Will 2017 be the year Canadian banks hit a ceiling?

Will 2017 be the year Canadian banks hit a ceiling?

Will 2017 be the year Canadian banks hit a ceiling?

2016 was another gravity-defying year for Canadian bank stocks, with the Big Six experiencing gains averaging more than 25%. But extracting further upside potential in 2017 may prove to be challenging, according to the Financial Post.

Citing Barclays analyst John Aiken, the report said that any additional gains will have to come from earnings growth rather than mere multiples expansion. “There was a significant change in the multiples that investors were willing to pay for Canadian bank earnings at the start of 2016 versus the start of 2017,” he said to clients.

All of the Big Six banks enjoyed multiple expansion last year; in addition, all of them (except for CIBC) are trading well above a multiple higher than they were a year ago. The analyst estimated that around 80% of share price gains for the sector came from multiple expansion, whereas changing earnings expectations only accounted for the remaining fifth.

Earnings expectations for 2017 are higher than they were a year ago, but they’re still meager at an average of 4.4%.

Upside from multiple expansion is likely to be exhausted: the market seems to be pricing in a sunnier outlook than what analysts are projecting, and given the strained economic situation in Canada, that outlook is predominantly US-centric. “Consequently, we believe that the valuation multiples accorded to the Canadian banks are stretched and are unlikely to see any material expansion at this point,” the analyst said.

Even though the multiples are well below historical peaks, Aiken noted that the changing regulatory environment and reduced profitability due to increased levels of required capital will make it difficult for the sector to replicate those records.
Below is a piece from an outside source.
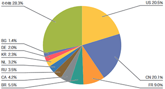 図-3で、DDoS攻撃の対象となったIPアドレスと考えられるbackscatterの発信元の国別分類を見ると、米国の20.5%が最も大きな割合を占めています。その後に中国の20.1%、フランスの9.0%といった国が続いています。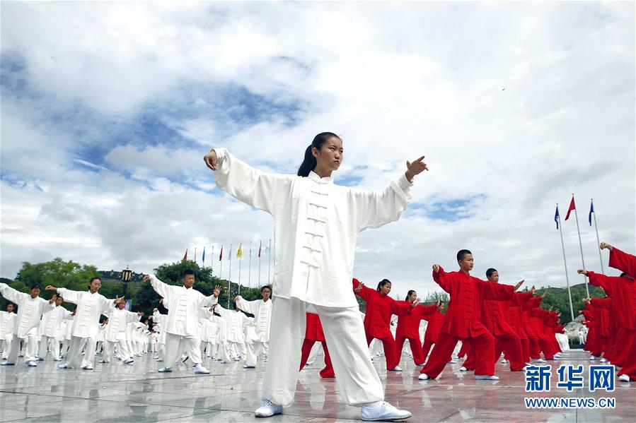 甘肃平凉古镇上演万人太极拳表演

He also pointed out that the Big Six banks are trading at almost a full multiple above their long-term average in a tepid environment. He identified Bank of Montreal and Royal Bank of Canada as stocks with higher multiples but lower growth expectations.

“Admittedly, RBC and BMO do have large U.S. operations and could benefit from the higher rates and potentially lower tax rates, which are not likely currently factored into consensus estimates,” Aiken said. “However, if that is the case, we would expect Toronto-Dominion Bank to benefit as well, further advancing its own growth profile while still being priced at a lower valuation multiple.”